Coming eight months after regulators gave a Fairbanks Natural Gas LLC affiliate the go ahead to start a North Slope LNG system, two Flint Hills Resources LLC affiliates have begun permitting a similar project to service an Interior refinery and electric cooperative.
Caribou North Slope LLC wants to build an LNG facility in the Prudhoe Bay unit, located along Spine Road between Pump Station 1 and Drill Site 6, and a corresponding LNG vaporization and storage facility in North Pole. Along with fellow Flint Hills subsidiary Koch Alaska Pipeline Co. LLC, Caribou would also build a half-mile above ground pipeline connecting the plant to existing Prudhoe Bay natural gas facilities.
The project includes a nine- to 12-acre pad to accommodate the LNG North Slope facility.
The system would deliver 29.5 million cubic feet per day, or 8 billion to 9.5 billion cubic feet per year, of LNG to the Interior over 20 years, the companies estimated in filings.
The system would also extract some 10,000 gallons of propane per day.

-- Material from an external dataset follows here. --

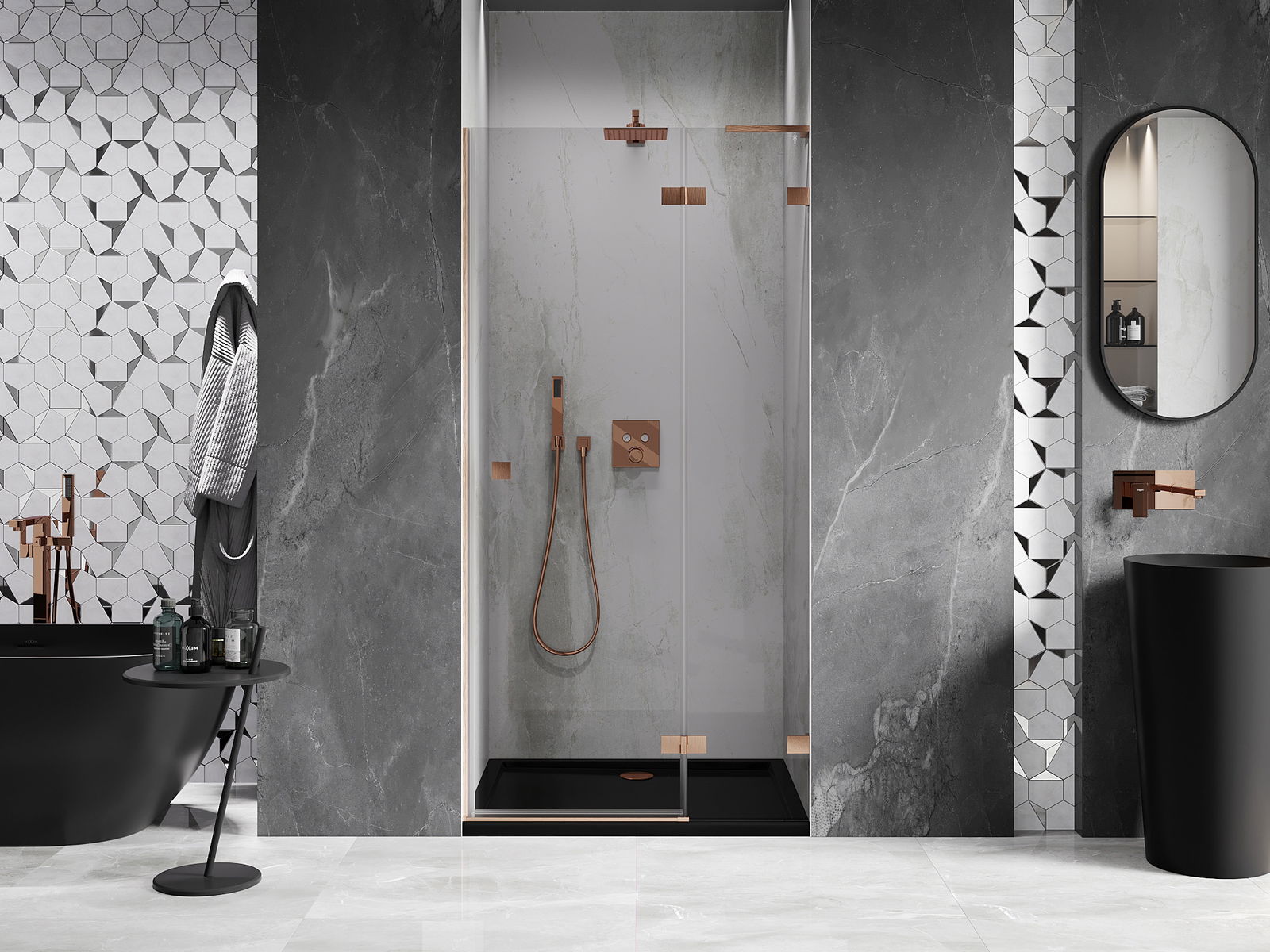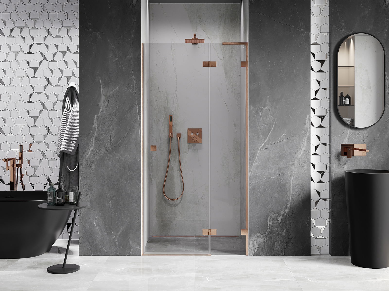 Clemele și balamalele sunt fabricate din alamă foarte durabilă și, în plus, formează o suprafață aliniată cu sticla. Este o alegere excelentă care îmbină eleganța, durabilitatea și designul modern. Datorită acestor soluții, dușul câștigă în estetică și facilitează întreținerea curățeniei.

Without a pipeline connecting North Slope natural gas fields to markets in or out of the state, the companies plan to truck both fuels to the Interior. The current plan calls for using 13,000-gallon long-haul trucks, powered by natural gas. The system calls for having 20 full trucks heading south and 20 empty truck heading north at any given time.
The system would cost some $183.6 million to build — with $108.2 million going toward materials — and $3.65 million per year in operate and maintain. The companies plan to start building the system in early 2014 and bring it into operation by mid-2016.

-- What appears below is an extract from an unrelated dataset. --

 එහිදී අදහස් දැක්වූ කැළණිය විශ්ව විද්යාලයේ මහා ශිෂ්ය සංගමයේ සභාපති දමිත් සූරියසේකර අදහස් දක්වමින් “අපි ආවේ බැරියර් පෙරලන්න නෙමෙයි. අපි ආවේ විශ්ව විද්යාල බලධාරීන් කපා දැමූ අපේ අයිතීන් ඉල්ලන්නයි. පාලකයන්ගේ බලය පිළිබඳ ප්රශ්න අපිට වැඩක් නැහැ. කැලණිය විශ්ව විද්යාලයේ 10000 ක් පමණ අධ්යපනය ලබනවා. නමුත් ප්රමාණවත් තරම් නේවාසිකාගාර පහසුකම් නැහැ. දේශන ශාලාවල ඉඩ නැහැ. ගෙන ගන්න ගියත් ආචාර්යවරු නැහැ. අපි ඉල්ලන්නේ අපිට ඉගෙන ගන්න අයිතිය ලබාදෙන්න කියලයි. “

The project would employ about 100 people during construction, between six and 10 during operations and between 40 and 50 truck drivers through a local contract.

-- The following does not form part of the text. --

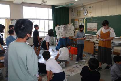 6年生が、社会科の歴史の勉強で、奈良の大仏様の大きさについて考えました。、実際に、大仏様のの座高を新聞紙をを並べて考えてみました。6年生自動10人分が、大仏様の座高と一緒で驚きました。
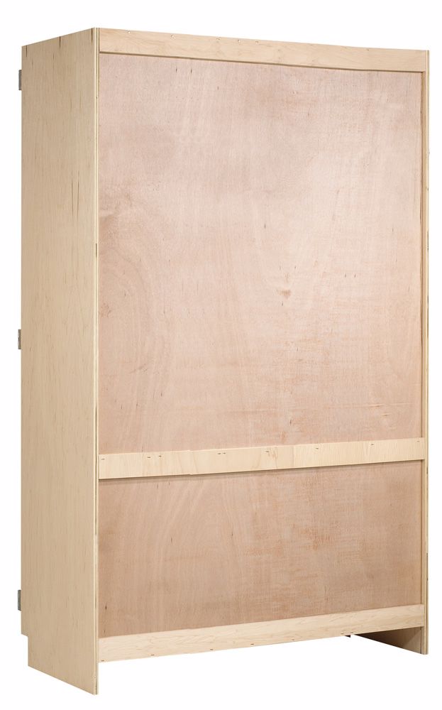 Hold all your key drawing supplies in one place. This plywood and maple hardwood cabinet is built to hold T-squares, 18" x 24" drawing boards and other supplies for either 24 or 36 students. The 3-point locking handles protect the items from theft. An upper shelf provides a place to store extra materials such as paper and books. The eight totes provide space to put compass-as, triangles, and other drawing supplies. Can be ordered with or without tools. Overall size: 22"D x 84"H.

The State Pipeline Coordinator’s Office is taking comments through Jan. 14. 2013.
Symbiotic relationship The project stems from a 2011 memorandum of understanding between Flint Hills Resources and Golden Valley Electric Association to secure an LNG supply to operate their North Pole facilities, and also to potentially sell to other customers in the region.
An LNG project would extend the mutually beneficial relationship the companies maintain at their neighboring facilities in North Pole, where the vaporization plant would be located. The Flint Hills refinery uses electricity produced by GVEA. The GVEA plant runs on naphtha produced by Flint Hills, but was designed to also operate on natural gas.
Flint Hills hopes a cheaper fuel supply would allow it to be more competitive, while the electric cooperative said “lower costs may result in lower rates to GVEA members.”
Third proposal this year The project is the third LNG facility proposed for the North Slope this year.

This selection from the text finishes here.